Kebijakan Politik Luar Negeri era Presiden Abdurrahman Wahid
Abdurahman wahid (1999-Juli 2001)
Dalam skala global, Presiden Abdurrahman Wahid dikenal sebagai seorang visionary. Ia melakukan lebih dari 90 kali perjalanan dalam rangka meningkatkan stabilitas ekonomi, politik serta keamanan. Fokus politik luar negerinya adalah membangun citra Indonesia di ranah Internasional. Dalam setiap kunjungan luar negeri yang ekstensif selama masa pemerintahannya yang singkat, Abdurrahman Wahid secara konstan mengangkat isu-isu domestik dalam pertemuannya dengan setiap kepala negara yang dikunjunginya. Namun, sebagian besar kunjungan-kunjungannya itu tidak memiliki agenda yang jelas. Pada masa pemerintahannya, Ia memiliki beberapa perencanaan dalam politik luar negerinya, diantaranya adalah: 1. Economic Stability Ia sering berbicara di ranah multilateral, seperti World Economic Forum, The World Summit for Social Development, dan ASEAN serta sangat diterima di negara-negara Timur Tengah. Ia juga terbuka dengan aktor non-negara, khususnya organisasi sipil masyarakat dalam pembuatan kebijakan luar negeri. Private Investment Foreign aid Diplomacy Free Trade Promosi pada investasi luar negeri dan pasar bebas, daya tarik nasionalis untuk "Indonesia Kuat," dan melakukan hubungan yang lebih erat dengan Jepang, China dan ASEAN. Ia menjanjikan pemerintahnya akan mendorong perusahaan swasta dan mendorong investor asing untuk membantu negara itu keluar dari krisis ekonomi pada saat itu. Perubahan signifikan terjadi terhadap kebijakan luar negeri Indonesia yang semakin menjauh dari AS dan menuju hubungan yang lebih erat dengan Asia, Ia mengindikasikan bahwa ia akan mengunjungi Jepang, Cina, sebagian besar anggota ASEAN dan India sebelum KTT ASEAN.

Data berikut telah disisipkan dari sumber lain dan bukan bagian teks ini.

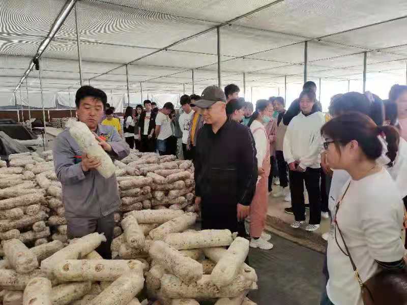 紧接着,同学们还参观了辛亮菌业,辛亮菌业推行“四统五带”产业扶贫模式。整合村集体闲置土地和贫困户剩余劳动力,发展食用菌一体化产业,实现企业、村集体和贫困户三赢。令同学们钦佩不已。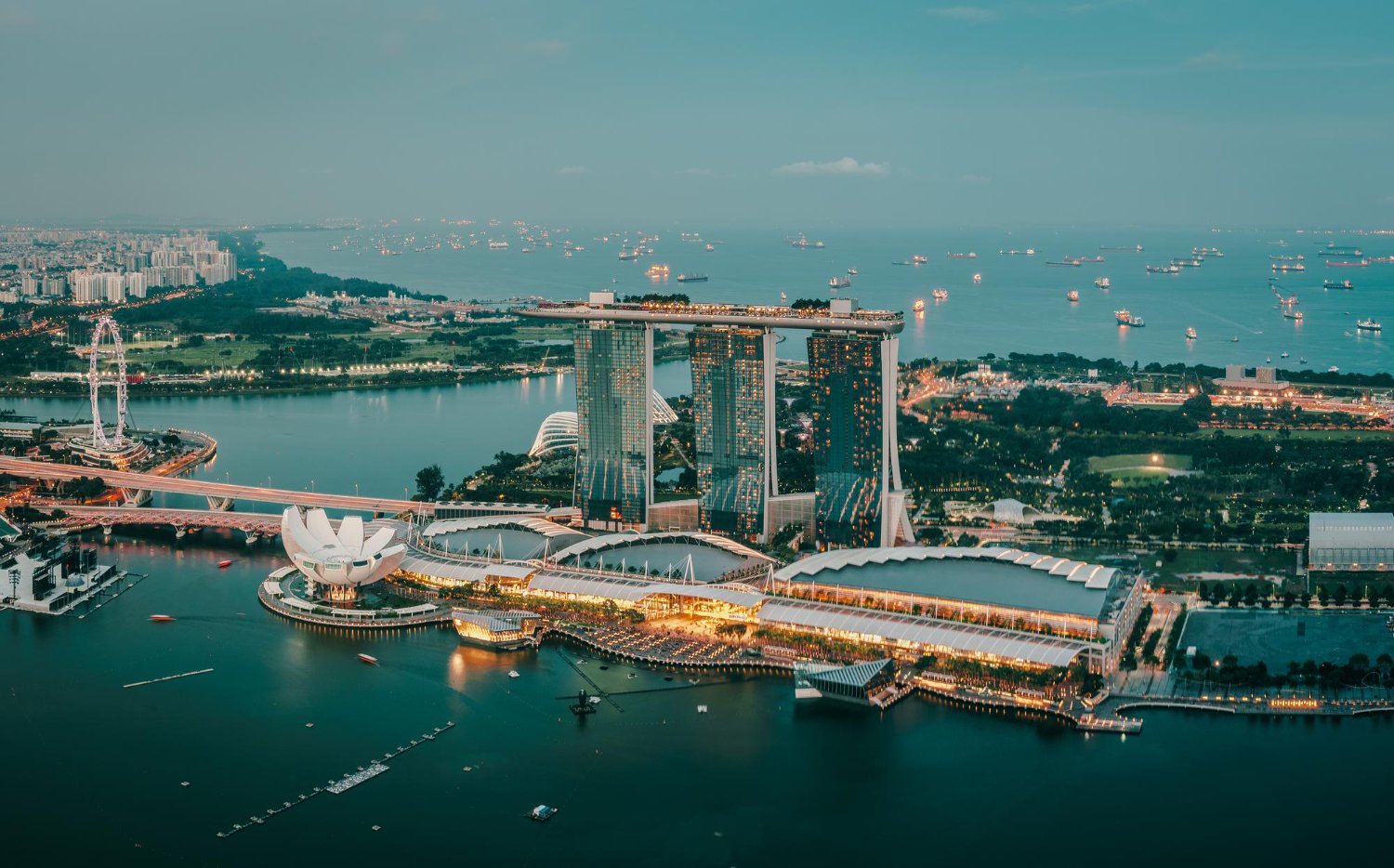 Skyscrapers mirror the water, the ArtScience Museum blooms like a lotus, and the Merlion stands as a national icon.

2. Political Stability and Security International Support Regional Autonomy Democratization of Political System Diplomasi di era Abdurrahman Wahid dalam konteks kepentingan nasional selain mencari dukungan pemulihan ekonomi, rangkaian kunjungan ke mancanegaradiarahkan pula pada upaya- upaya menarik dukungan mengatasi konflik domestik, mempertahankan integritas teritorial Indonesia, dan hal yang tak kalah penting adalah demokratisasi melalui proses peran militer agar kembali ke peran profesional. Ancaman integrasi nasional di era Wahid menjadi kepentingan nasional yang sangat mendesak dan diprioritaskan. Dalam setiap kunjungan luar negeri yang ekstensif selama masa pemerintahannya yang singkat, Abdurrahman Wahid secara konstan mengangkat isu-isu domestik dalam pertemuannya dengan setiap kepala negara yang dikunjunginya. Termasuk dalam hal ini, selain isu Timor Timur, adalah soal integritas teritorial Indonesia seperti dalam kasus Aceh dan isu perbaikan ekonomi.
Ada dua wacana kontroversial yang ingin dibangun oleh Gusdur pada masa pemerintahannya, yaitu: 1. membangun kerjasama ekonomi dengan Israel. 2. melontarkan ide pembentukan poros jakarta-Beijing-New Delhi Sayangnya, struktur pembangunan kebijakan politik Indonesia pada saat itu tidak cukup mampu untuk mengakomodasinya, sehingga pada akhir jabatannya, banyak ide-idenya yang tidak dapat diwujudkan.